By Samira Larbie/Rihana Adam, GNA
Accra, March 9, GNA – The Canadian High Commission in Ghana has held a mentorship programme for tertiary students to connect them with renowned Ghanaian women in the field of Science, Technology, Engineering and Mathematics (STEM).
The Programme which formed part of activities to commemorate the 2020 International Women’s Day celebration took the form of a career fair showcasing women role models in STEM.
The International Women’s Day is celebrated on March 8. This year’s celebration is being held on the theme; “I am generation equality: realizing women’s right”.
It sought to share the experiences and challenges of these women to empower the students to allay their fears of choosing a profession in STEM.
Ms Sara Nicholls, the Acting High Commissioner, speaking with the Ghana News Agency (GNA) said the fair was to inspire young students to achieve their goals even in the face of the numerous challenges.
She said women in STEM and women in general, continue to face bias and challenges in advancing in their chosen careers.
“I will encourage all participants to be willing to share your experiences. This openness will help highlight the incredible resilience I know each and every one of us possesses,” she said.

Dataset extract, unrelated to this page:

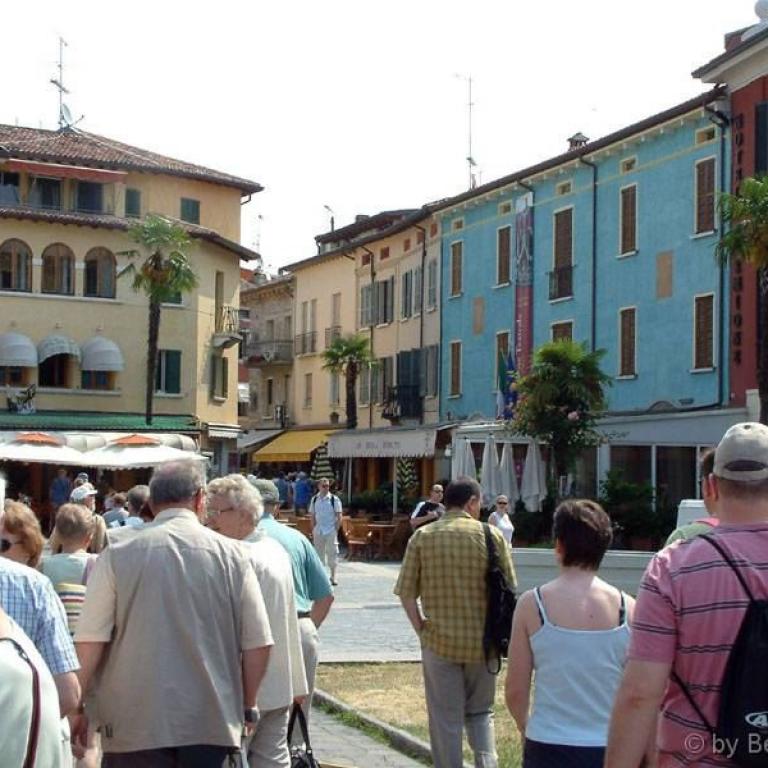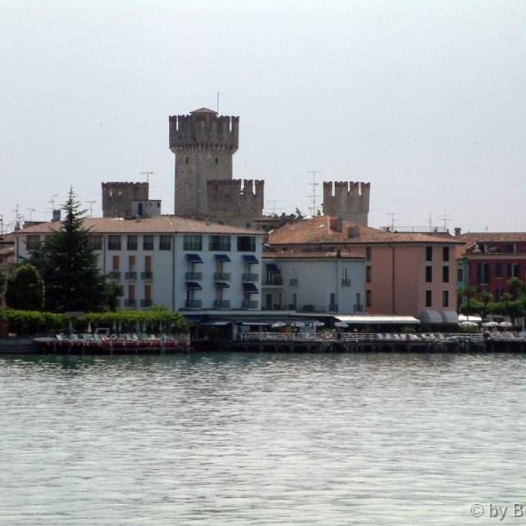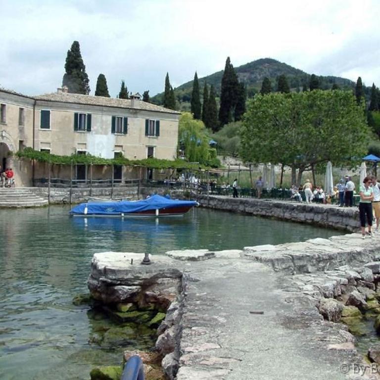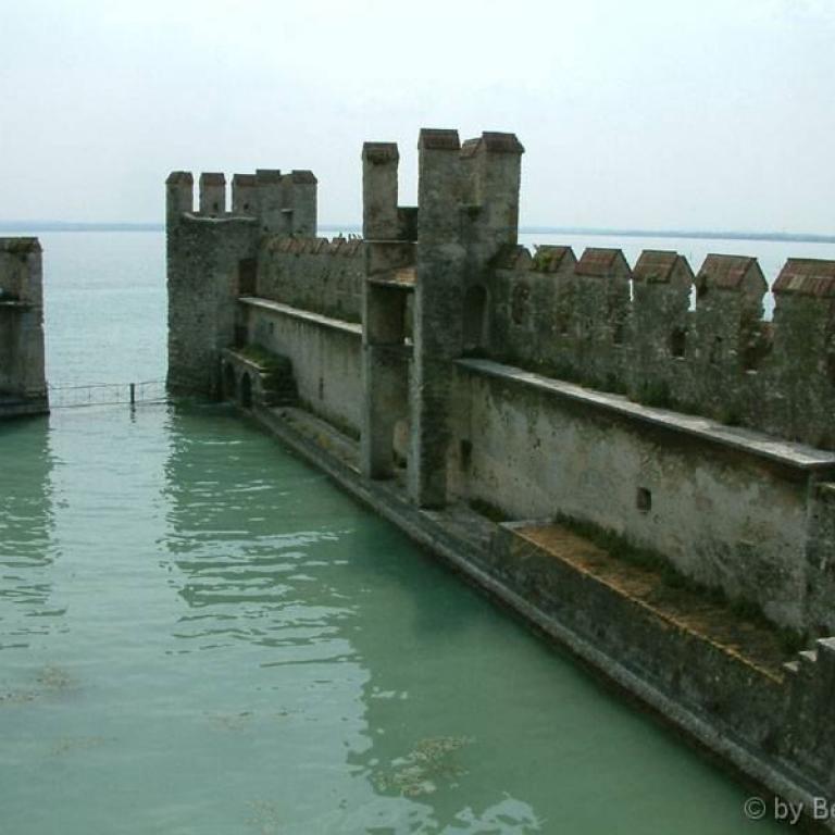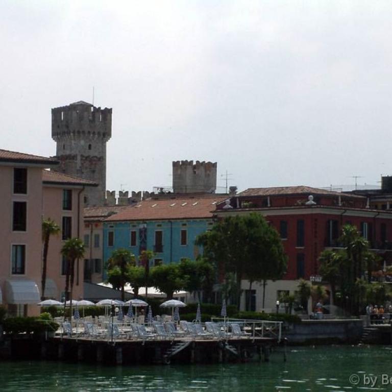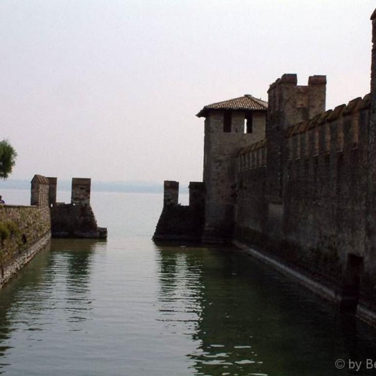 Die Römer errichteten zwei Kastelle, zwei Häfen, eine Siedlung und jene riesige Villa, die am Felsen thront und sich mächtig über dem See erhebt. Auf den Fundamenten des antiken Osthafens bauten später die Scaligeri ihre berühmte Wasserburg. Ein Bollwerk - schmuck und graziös, trutzig und stark; eines der schönsten Bauwerke der Welt. Zahlreiche Villen, Kirchen wie Santa Maria Maggiore oder San Pietro in Mavino, wunderschöne Fresken, einzigartige Torbögen, Glockentürme, Zinnen, die Bögen der Säulenhallen... die Fraktionen Lugana und Colombare, die wie einladende Gärten zum Kern des Ortes hinführen - alles Segmente aus jenem Fücher, der Sirmione heißt.

She said there are challenges and that women could overcome if they call on their mentors for support so that they would not suffer in silence.
Mrs Rosy Fynn, the Chief Executive Officer of Busy Internet, during panel discussions, advised the students not to allow the fear of failure to derail them from trying to take up opportunities and initiatives in the STEM.
She said it was important for students in the STEM field not to underestimate the power of hard work and constantly upgrade themselves to always be abreast with time.
Dr Yvonne Sena Loh, Senior Lecturer Department of Earth Sciences, University of Ghana, urged the students to always seek help from others that way they would learn more.
Brigadier General Carla Harding, Leader of the Royal Canadian Navy team, said to be a successful woman in the field of STEM, one has to be proud of their intellect and always know that things would be fine as far as they are on the right path.
Mrs Sylvia Ektremet, a Renewable Energy Engineer, also speaking on the panel urged young women in the STEM profession to always have mentors, be self-aware and not wait to be perfect before taking up job opportunities.
Dr Lucy Agyepong, Associate Dean, Faculty of Engineering and Head of Department Mechanical Engineering at Academic City University College, said if women are going to make strides to bridge the equality gap then they have to step-up the game and pull other women along.
“Do not sit in your corner and think you are not capable because you are more than that. It does not matter whether you have a professional education or not in your own small world you can nurture and change the next generation,” she noted.